Nields also displayed the blood-stained, shredded clothing that Martin was wearing when the blasts went off. His parents listened from the second row of the courtroom, and Bill Richard kept his arm around his wife’s shoulder.
Nields said Martin suffered broken bones and third-degree burns. The injuries caused him to bleed to death.
Tsarnaev’s lawyers did not cross-examine any of the victims but instead focused on trying to show that Tamerlan Tsarnaev was more culpable in the attack and in the killing three days later of Massachusetts Institute of Technology police Officer Sean Collier.
The first witness called by the defense Monday was Michelle Gamble, a field photographer for the FBI who testified at the behest of prosecutors earlier in the day.

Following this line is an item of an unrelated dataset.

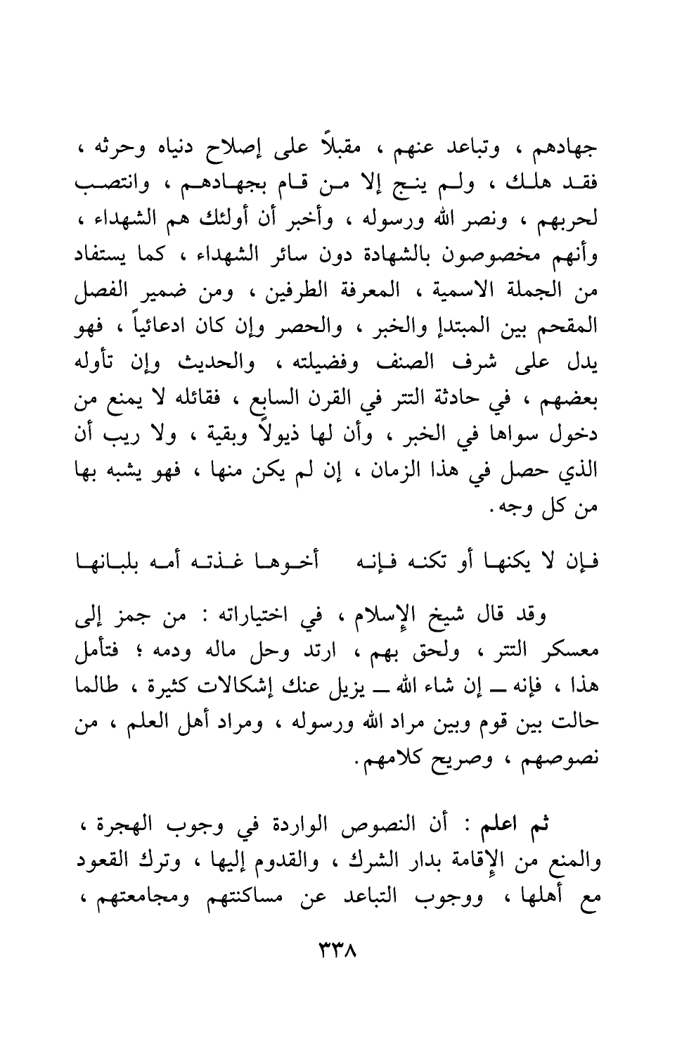 جهادهم، وتباعد عنهم، مقبلاً على إصلاح دنياه وحرثه، فقد هلك، ولم ينج إلا من قام بجهادهم، وانتصب لحربهم، ونصر الله ورسوله. وأخبر أن أولئك هم الشهداء، وأنهم مخصوصون بالشهادة دون سائر الشهداء، كما يستفاد من الجملة الاسمية، المعرفة الطرفين، ومن ضمير الفصل المقحم بين المبتدإ والخبر؛ والحصر وإن كان ادعائياً، فهو يدل على شرف الصنف وفضيلته. والحديث وإن تأوله بعضهم، في حادثة التتر في القرن السابع، فقائله لا يمنع من دخول سواها في الخبر، وأن لها ذيولاً وبقية؛ ولا ريب أن الذي حصل في هذا الزمان، إن لم يكن منها، فهو يشبه بها من كل وجه.

Gamble had been asked by prosecutors to identify the photo that showed Dzhokhar Tsaarnaev standing just feet behind Martin, his younger sister, the rest of the Richards family and other children.
The defense case is expected to be relatively short. Once that is complete, jurors will deliberate on whether Tsarnaev is guilty of the 30 federal charges against him in the bombing, in Collier’s killing and for his role in a violent confrontation with police in Watertown. Tamerlan Tsarnaev, 26, was killed during the confrontation, both by gunshots and from being run over by Dzhokhar as he escaped. Dzhokhar Tsarnaev was found more than 18 hours later hiding in a boat parked in a Watertown yard.
If the jury convicts Tsarnaev — an event that may be a foregone conclusion because of his admitted guilt — the trial will move on to the second phase, when the same jury will hear more evidence to decide whether Tsarnaev should be put to death or should spend the rest of his life in prison.
During this second phase of the trial, Tsarnaev’s lawyers will present evidence of factors they believe mitigate his crimes, such as his age at the time — 19— and the influence of his older brother. The Tsarnaevs — ethnic Chechens — lived in the former Soviet republic of Kyrgyzstan and the volatile Dagestan region of Russia before moving to the U.S. with their parents and two sisters about a decade before the bombings. They lived in Cambridge.
Prosecutors will present evidence of aggravating factors, such as the brutality of the attack and the death of an 8-year-old boy in the bombings, to argue that Tsarnaev should be executed.